The purpose of Our Conscience weblog is to facilitate a greater discussion and understanding of church and state separation in our community and in others. Underlying this is the value that each individual should be allowed to follow the dictates of his or her own conscience without influence, coercion, or direction from the State when it comes to matters of religion.

Sunday, November 13, 2005

A prayer for true religious freedom

Religious freedom isn't easy — not if it is true freedom.
That point was made explicitly last week when First Amendment lawyer Peter Irons spoke at a Missouri State University public forum about his involvement in the Humansville school district's Ten Commandments case...

The microphone was turned over to students, who asked good questions. The civil discussion continued.

And then a middle-aged gentleman rose. "I will pray for you, Dr. Irons, and all others who are not close to the cross," he said.

That is a dangerous view: Unless you believe as I do, you are damned.
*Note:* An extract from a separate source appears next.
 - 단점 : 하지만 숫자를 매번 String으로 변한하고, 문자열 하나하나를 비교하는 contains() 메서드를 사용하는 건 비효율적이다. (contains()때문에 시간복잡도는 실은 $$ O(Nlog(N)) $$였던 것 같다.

Unless the nation believes as I do, it is doomed.

That theme shows up regularly in pronouncements from al-Qaida. It sets off terrorist bombs across the Middle East. It fueled decades of war in Northern Island.

Why would anyone wish that upon the United States?
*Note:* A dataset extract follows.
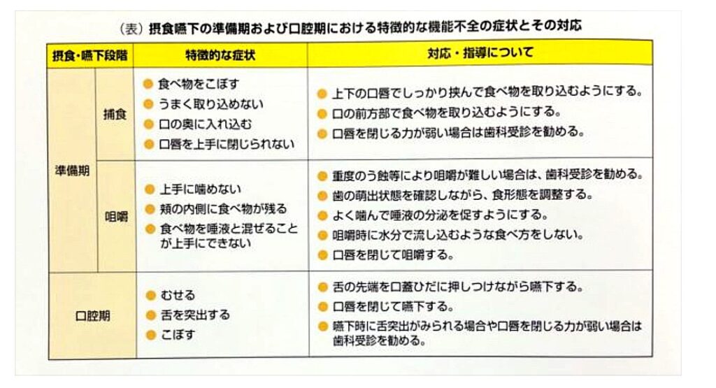 摂食嚥下の準備期・口腔期の症状と対応表

Yet we have Pat Robertson warning Dover, Pa., that it will suffer God's retribution for voting out a school board that sought to promote religious belief as science. And we have people who applauded the man Tuesday night who believe it is government's role to promote their particular religious belief.

The First Amendment is true wisdom, promising that the government will never force any person to subscribe to a belief against his or her will. Government will not support any religious belief, but neither will it interfere with the individual's right to believe as he or she wishes.

This is why religion is vibrant in this country. It's why Protestants, Catholics, Jews, Buddhists and atheists could gather at Missouri State on Tuesday night and talk about religious liberty without anyone being hurt. We could each go home and pray — or not — according to our conscience.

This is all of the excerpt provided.